Re: extracting code values from PDF?

From: Eric Muller (emuller@adobe.com)
Date: Fri Oct 27 2006 - 00:59:02 CST

Next message: Otto Stolz: "Re: extracting code values from PDF?"

Previous message: Balasankar: "keys in CLDR"
In reply to: Rick Cameron: "RE: extracting code values from PDF?"
Messages sorted by: [ date ] [ thread ] [ subject ] [ author ] [ attachment ]
Mail actions: [ respond to this message ] [ mail a new topic ]

For the page content, a PDF document primarily records glyphs and their
positions. It can also optionally record the corresponding characters,
using some combination of a mapping from glyphs to characters and local
overrides. You can look at
<http://www.udhrinunicode.org/assemblies/first_article_subset.pdf> to
see how that can be done for a variety of writing systems. (I am aware
that a copy-paste from that document using Acrobat results in additional
SPACE characters; this seems to be a problem with Acrobat.)

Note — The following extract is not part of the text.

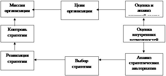 Реализация такого пути связана с разработкой стратегии деятельности организации, в которой определяются главные цели и задачи, их ресурсное и финансовое обеспечение, пути и методы достижения целей и решения возникающих проблем. Стратегическое планирование является важнейшей функцией стратегического управления и его центральным звеном в относительно стабильных условиях внешней среды. Структура процесса стратегического менеджмента, характерна для таких условий, представлена на рисунке 1.1 [2, с. 289].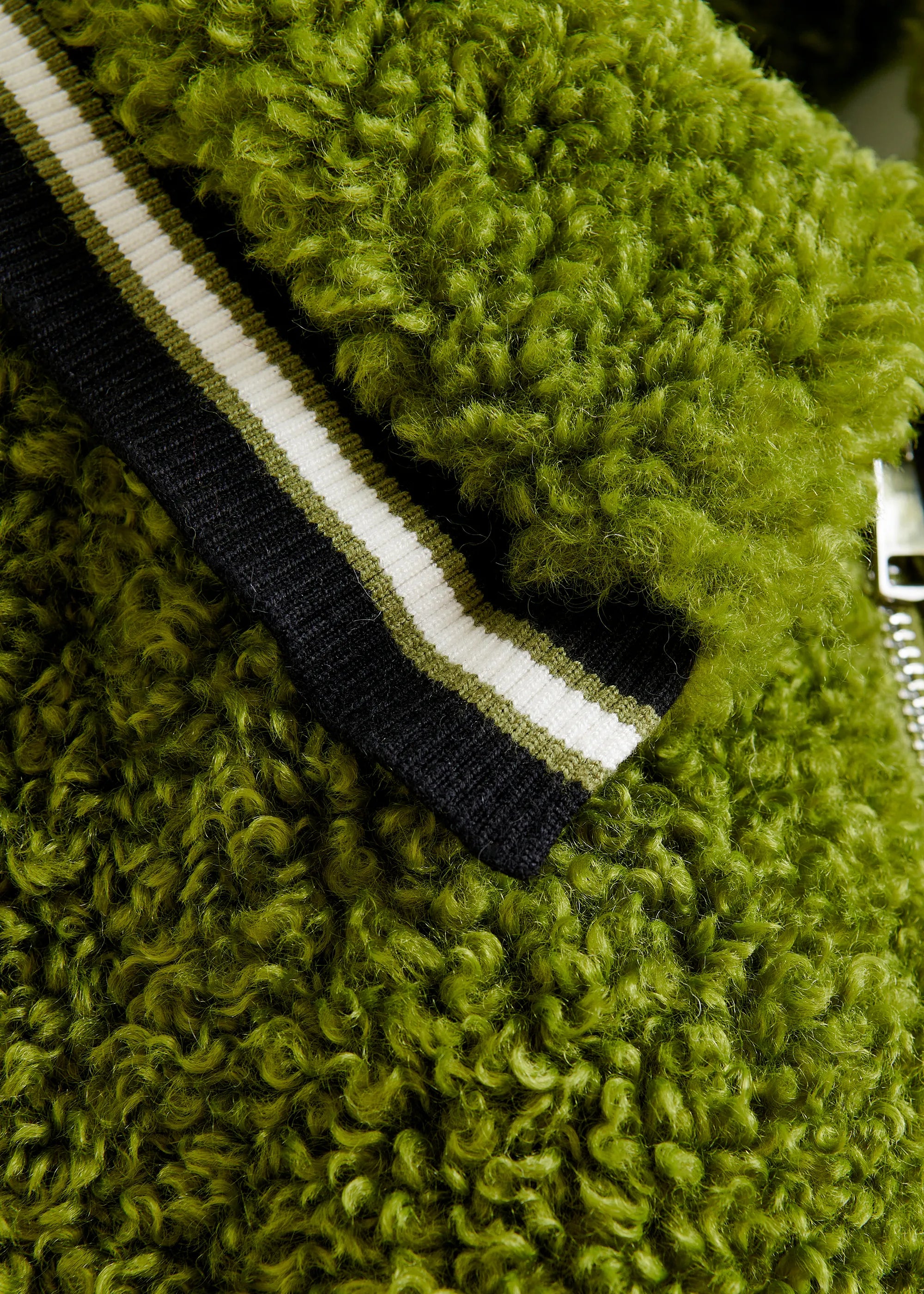 Bomber-style jacket is crafted with a high-pile faux shearling texture. Designed for an oversized fit, it features a full zip fastening and is fully lined for easy layering. Ribbed knit trims at the hem, cuffs, and collar add a sporty edge, while contrasting stripe details provide a graphic finish. Functional side pockets complete the look, making this jacket both stylish and practical for cooler days.

What a PDF consumer does with that is another story. Acrobat uses the
character data when present, but also attempts, with more or less
success, to squeeze it from whatever is available in the PDF. This is
currently working relatively well for Latin text, but relatively little
work has been done for other writing systems.

Eric.

Next message: Otto Stolz: "Re: extracting code values from PDF?"
Previous message: Balasankar: "keys in CLDR"
In reply to: Rick Cameron: "RE: extracting code values from PDF?"
Messages sorted by: [ date ] [ thread ] [ subject ] [ author ] [ attachment ]
Mail actions: [ respond to this message ] [ mail a new topic ]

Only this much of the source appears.